TYK2 is an intracellular tyrosine kinase protein that mediates immune signaling pathways involved in both innate and adaptive immunity. TYK2 and the cytokines that signal through it participate in inflammatory cascades that can be dysregulated in disease. Therapeutic inhibition of TYK2 and associated cytokine pathways has been broadly validated as a therapeutic approach to address immune dysfunction to treat immune mediated diseases.
The Role of TYK2 in Immune-Mediated Diseases
TYK2 as a target has a significant effect on the IL12/23 pathway and on the interferon pathway. Both pathways are involved in a number of immune-mediated diseases. At Alumis, we also conducted extensive genomic analysis to see how TYK2 is related to multiple diseases and found approximately 20 diseases so far that are affected by TYK2 including psoriasis, lupus (SLE), psoriatic arthritis, rheumatoid arthritis, Crohn’s disease and ulcerative colitis.

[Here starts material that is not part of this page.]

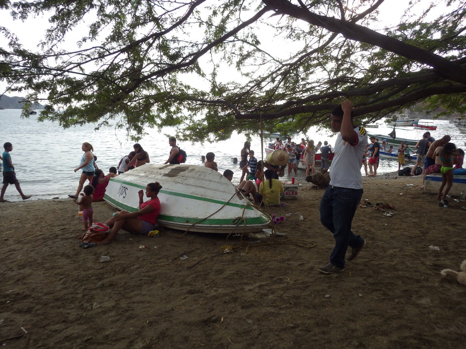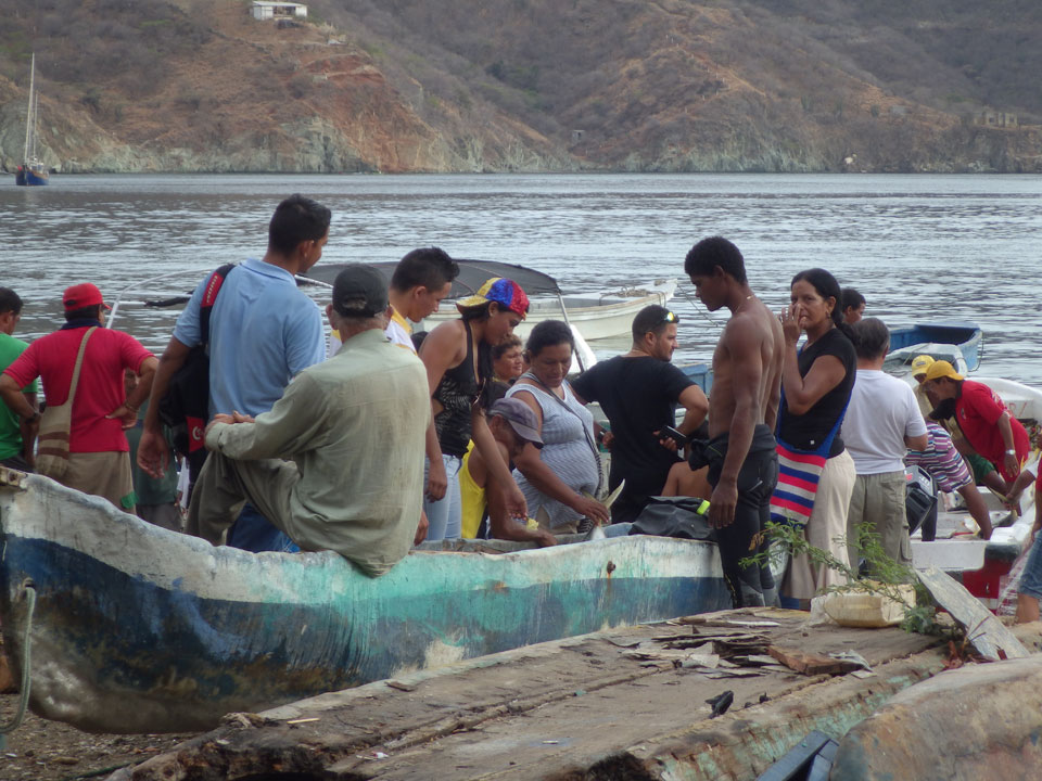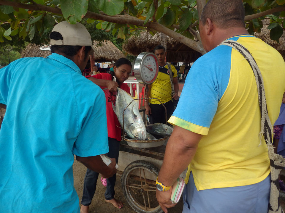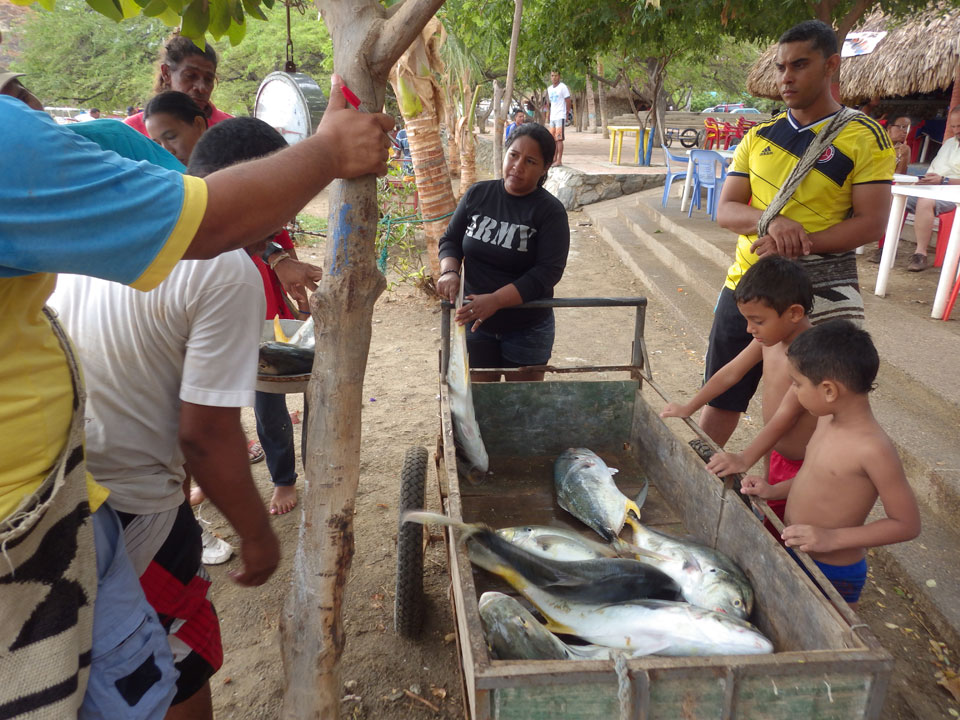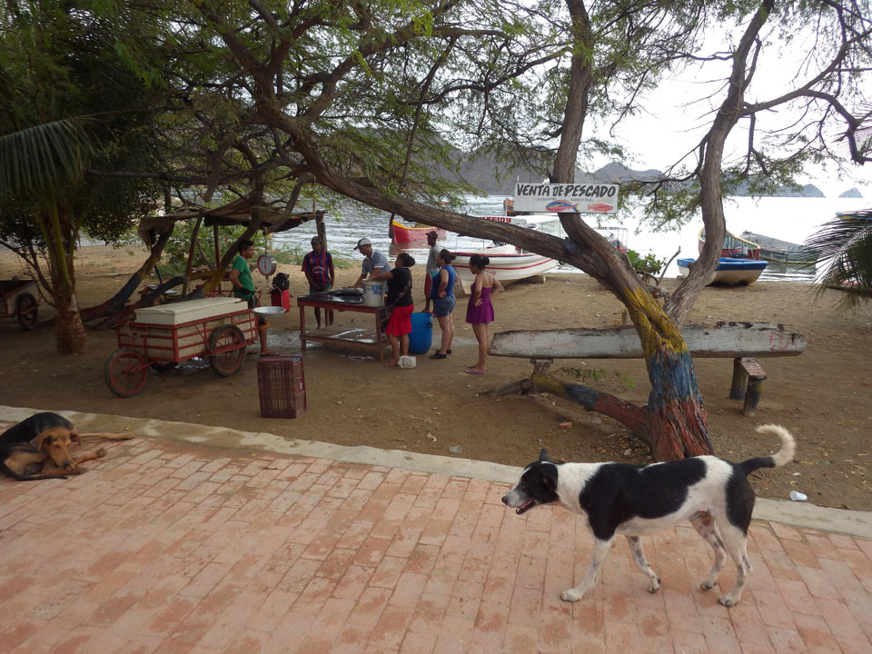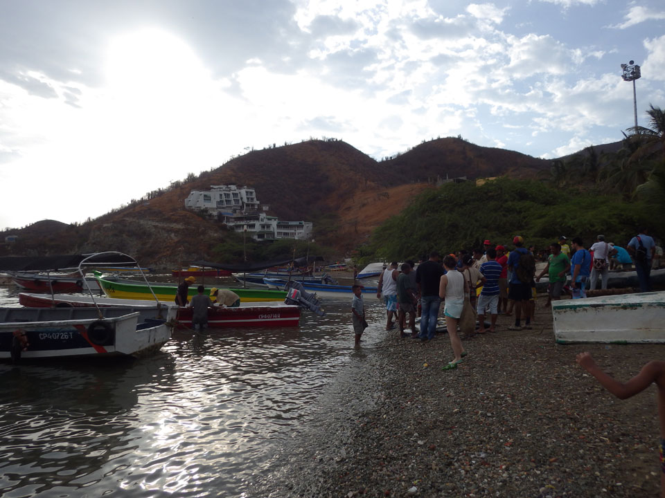 Da gerade mal kein Strom in taganga sprudelte, ging ich zum Strand. Müde und depri heute auch in der schönen Umgebung. Ein paar Fischer brachten den Fang ein, der auch gut gewogen wurde. Taganga hat was von Tumaco – hier nur touristischer und alles viel viel kleiner. Viele Häuser stehen zum Verkauf, die Straßen sind selten asphaltiert. Boom-Zeiten sehen etwas anders aus.

We believe that TYK2 plays a role in many of these diseases and that the opportunity to help patients is significant. Genetic studies have identified a naturally-occurring loss of function mutation in the TYK2 gene (in 3-5% of the human population) that appears to be protective against an array of autoimmune or immune-mediated disorders. In other words, for these people, TYK2 function is naturally absent or "inhibited" and this correlates with a reduced risk of developing immune-mediated/autoimmune diseases. These data validate the role of TYK2 in immune-mediated diseases and of TYK2 inhibition as a therapeutic target for patients with these diseases. Given the benign safety and tolerability profile of TYK2 inhibition, we believe TYK2 inhibitors will be fundamental combination partners for multiple treatments moving forward.